Open StevenCTimm opened 1 month ago
I have opened an issue with Fermilab INC1177158
What we are seeing is that the Negotiator of the global pool cannot connect to these schedds.
07/17/24 12:49:28 attempt to connect to <130.246.81.93:9618> failed: Connection refused (connect errno = 111). 07/17/24 12:49:28 Failed to connect to dunejustin@fnal.gov (<130.246.81.93:9 618?addrs=130.246.81.93-9618&alias=justin-prod-sched02.dune.hep.ac.uk&noUDP&sock =schedd_47516_9a2e>)
It is not clear at this point if the problem is on RAL end or on Fermilab end.. both sides should continue with diagnosing. The "connection refused" error leads me to believe it is on the RAL end but I cannot prove that.
we lost contact with Justin-prod-sched02 at 12:49 fermilab time yesterday and we lost contact with Justin-prod-sched01 at 13:48 Fermilab time yesterday.
The "connection refused" thing leads me to suspect some type of a firewall setting on the Justin-prod-sched01 end. Any way to check and see if the firewalld and/or nftables settings have changed recently?

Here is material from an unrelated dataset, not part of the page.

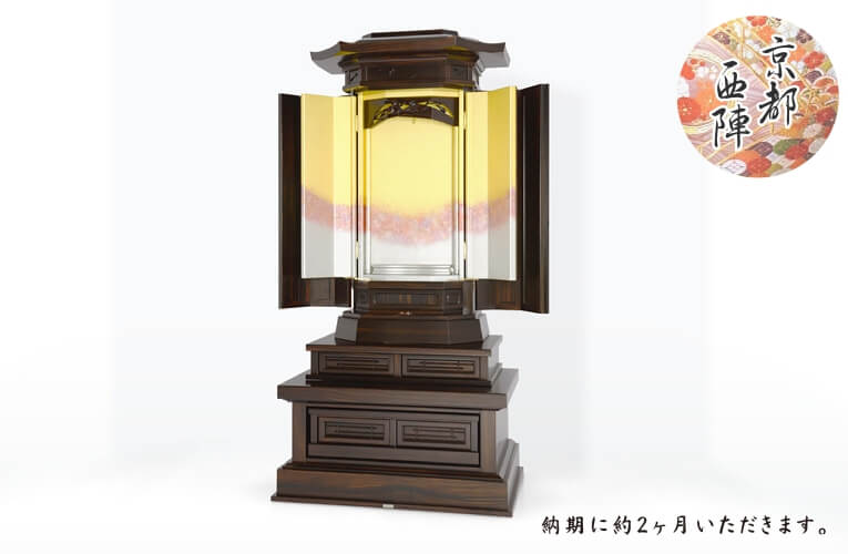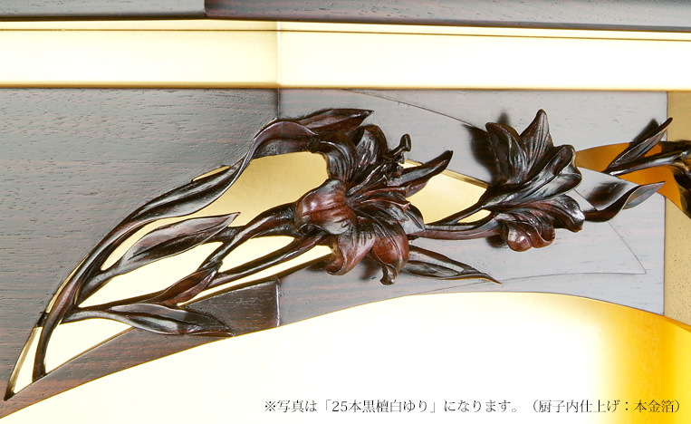 25本黒檀白ゆり西陣仕様-人気の25本黒檀白ゆりの厨子内を京都西陣で仕上げた、風情たっぷりの別注仏壇です。背景にプラチナ箔を配した厨子戸の彫刻は、大胆な構図の力強さを感じますが、繊細な彫刻技術は強さが合わせ持つしなやかさと優しさをみごとに表現しています。

Chris B. says there was a problem that the spool space was filled up on the schedd's.. after whatever he did we can now see justin-prod-sched01 but still not Justin-prod-sched02
Chris follows up that the spool disks quickly filled up again.
Justin-prod-sched01 has been offline all weekend which means that no AWT jobs have been submitted or run. Some jobs did run on Justin-prod-sched02 but none are pending at the moment
User reports in slack that JustIN wasn't run anything, I confirm AWT jobs not running either. condor_status -schedd show that both Justin-prod-sched machines are not currently talking to collector dunegpcoll01.